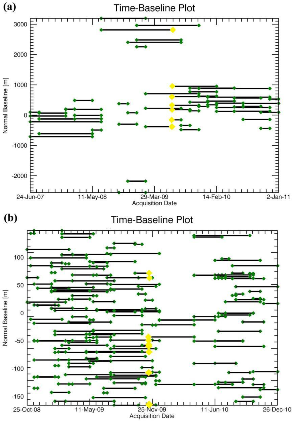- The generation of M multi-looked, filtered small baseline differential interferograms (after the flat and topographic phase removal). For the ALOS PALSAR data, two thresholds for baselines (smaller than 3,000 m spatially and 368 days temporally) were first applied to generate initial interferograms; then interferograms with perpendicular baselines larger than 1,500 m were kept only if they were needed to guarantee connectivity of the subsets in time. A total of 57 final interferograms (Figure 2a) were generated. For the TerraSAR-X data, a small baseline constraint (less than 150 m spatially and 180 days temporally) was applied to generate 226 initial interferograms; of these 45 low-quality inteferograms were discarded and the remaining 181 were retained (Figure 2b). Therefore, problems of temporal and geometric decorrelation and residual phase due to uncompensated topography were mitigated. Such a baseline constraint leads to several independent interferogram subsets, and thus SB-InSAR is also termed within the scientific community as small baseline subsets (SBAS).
++++++++++++++++++++
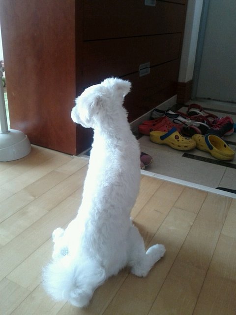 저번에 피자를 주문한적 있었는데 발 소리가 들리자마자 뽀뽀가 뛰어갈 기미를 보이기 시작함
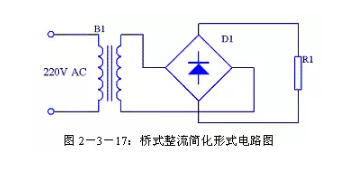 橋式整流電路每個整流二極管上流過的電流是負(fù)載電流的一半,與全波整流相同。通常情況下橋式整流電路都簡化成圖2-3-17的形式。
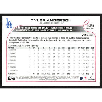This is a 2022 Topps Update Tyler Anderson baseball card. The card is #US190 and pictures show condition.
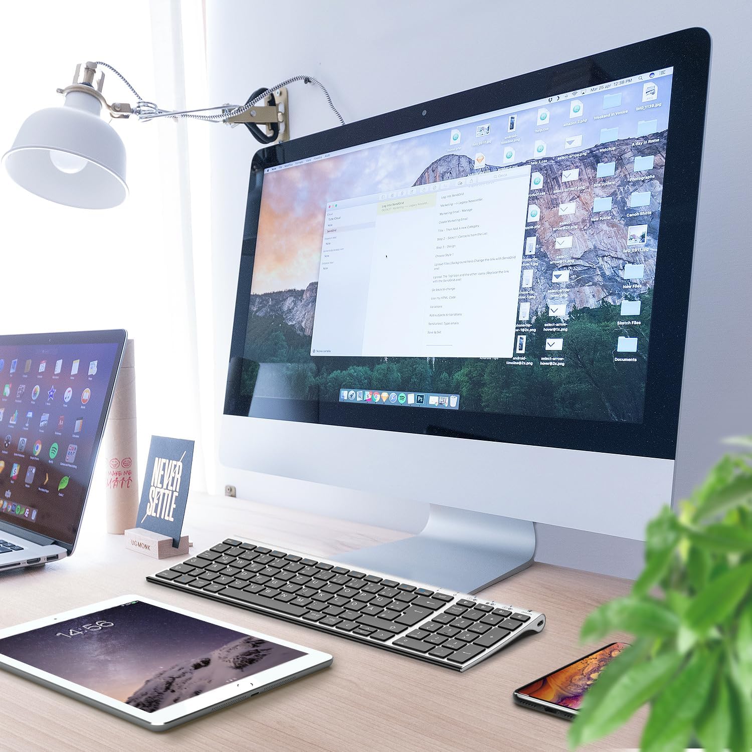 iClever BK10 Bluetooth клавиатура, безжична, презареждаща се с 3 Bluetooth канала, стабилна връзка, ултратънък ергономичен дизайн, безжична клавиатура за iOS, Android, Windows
++++++++++++++++++++
WORK ORDER:
In the listing above, find the line with "저번에 피자를 주문한적" and the line with "iClever BK10 Bluetooth". Transcribe those two and everything between, exactly, leaving out pictures.

WORKED SOLUTION:
 저번에 피자를 주문한적 있었는데 발 소리가 들리자마자 뽀뽀가 뛰어갈 기미를 보이기 시작함
 橋式整流電路每個整流二極管上流過的電流是負(fù)載電流的一半,與全波整流相同。通常情況下橋式整流電路都簡化成圖2-3-17的形式。
This is a 2022 Topps Update Tyler Anderson baseball card. The card is #US190 and pictures show condition.
 iClever BK10 Bluetooth клавиатура, безжична, презареждаща се с 3 Bluetooth канала, стабилна връзка, ултратънък ергономичен дизайн, безжична клавиатура за iOS, Android, Windows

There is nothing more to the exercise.